====== DATA PROVIDED ======

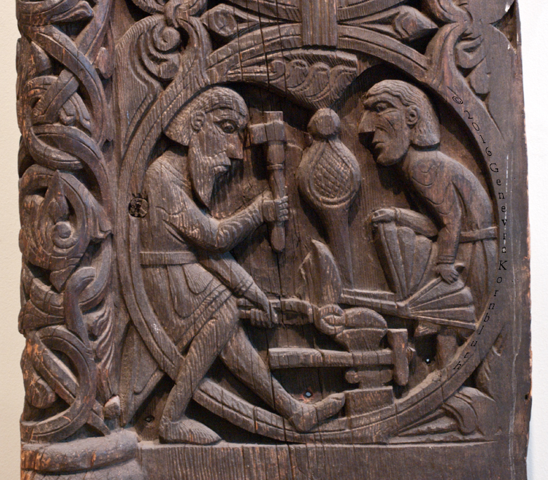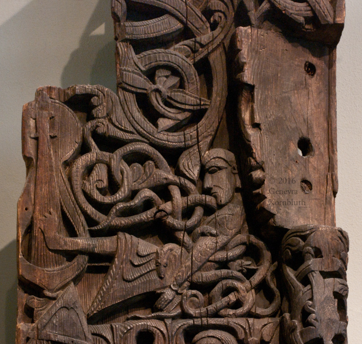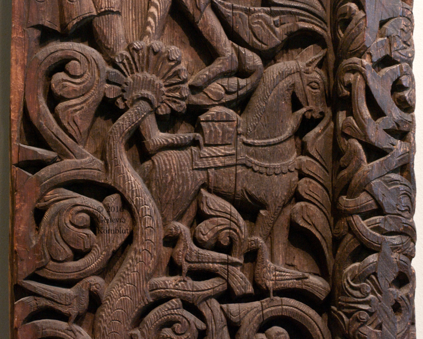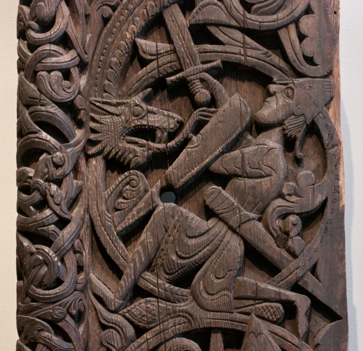 Stave church portal pine wood, 3.5 Alen high (approx. 220 cm, 7 feet 2.6 inches) from Hylestad Parish (Setesdal) stave church at Bjørgum late twelfth/early thirteenth century demolished 1838 Oslo Historical Museum C4321 |
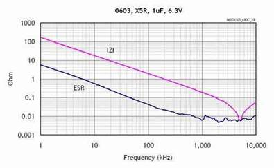 LDO需要增加外部輸入和輸出電容器。利用較低ESR的大電容器一般可以全面提高電源抑制比(PSRR)、噪聲以及瞬態(tài)性能。陶瓷電容器通常是首選,因為它們價格低而且故障模式是斷路,相比之下鉭電容器比較昂貴且其故障模式是短路。輸出電容器的等效串聯(lián)電阻(ESR)會影響其穩(wěn)定性,陶瓷電容器具有較低的ESR,大概為10mΩ量級采用陶瓷電容時,建議使用X5R和X7R電介質材料,這是因為它們具有較好的溫度穩(wěn)定性。圖為X5R的ESR和頻率曲線。
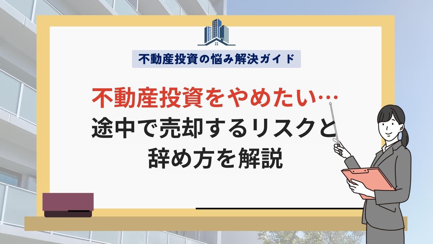 この記事では、不動産投資をやめたいと感じる理由や途中で売却する際のリスク、不動産投資のやめ方や売却のタイミングなどについて紹介します。

======

To complete the exercise, return the listing above exactly and omit its pictures.

 Stave church portal pine wood, 3.5 Alen high (approx. 220 cm, 7 feet 2.6 inches) from Hylestad Parish (Setesdal) stave church at Bjørgum late twelfth/early thirteenth century demolished 1838 Oslo Historical Museum C4321 |
 LDO需要增加外部輸入和輸出電容器。利用較低ESR的大電容器一般可以全面提高電源抑制比(PSRR)、噪聲以及瞬態(tài)性能。陶瓷電容器通常是首選,因為它們價格低而且故障模式是斷路,相比之下鉭電容器比較昂貴且其故障模式是短路。輸出電容器的等效串聯(lián)電阻(ESR)會影響其穩(wěn)定性,陶瓷電容器具有較低的ESR,大概為10mΩ量級采用陶瓷電容時,建議使用X5R和X7R電介質材料,這是因為它們具有較好的溫度穩(wěn)定性。圖為X5R的ESR和頻率曲線。
 この記事では、不動産投資をやめたいと感じる理由や途中で売却する際のリスク、不動産投資のやめ方や売却のタイミングなどについて紹介します。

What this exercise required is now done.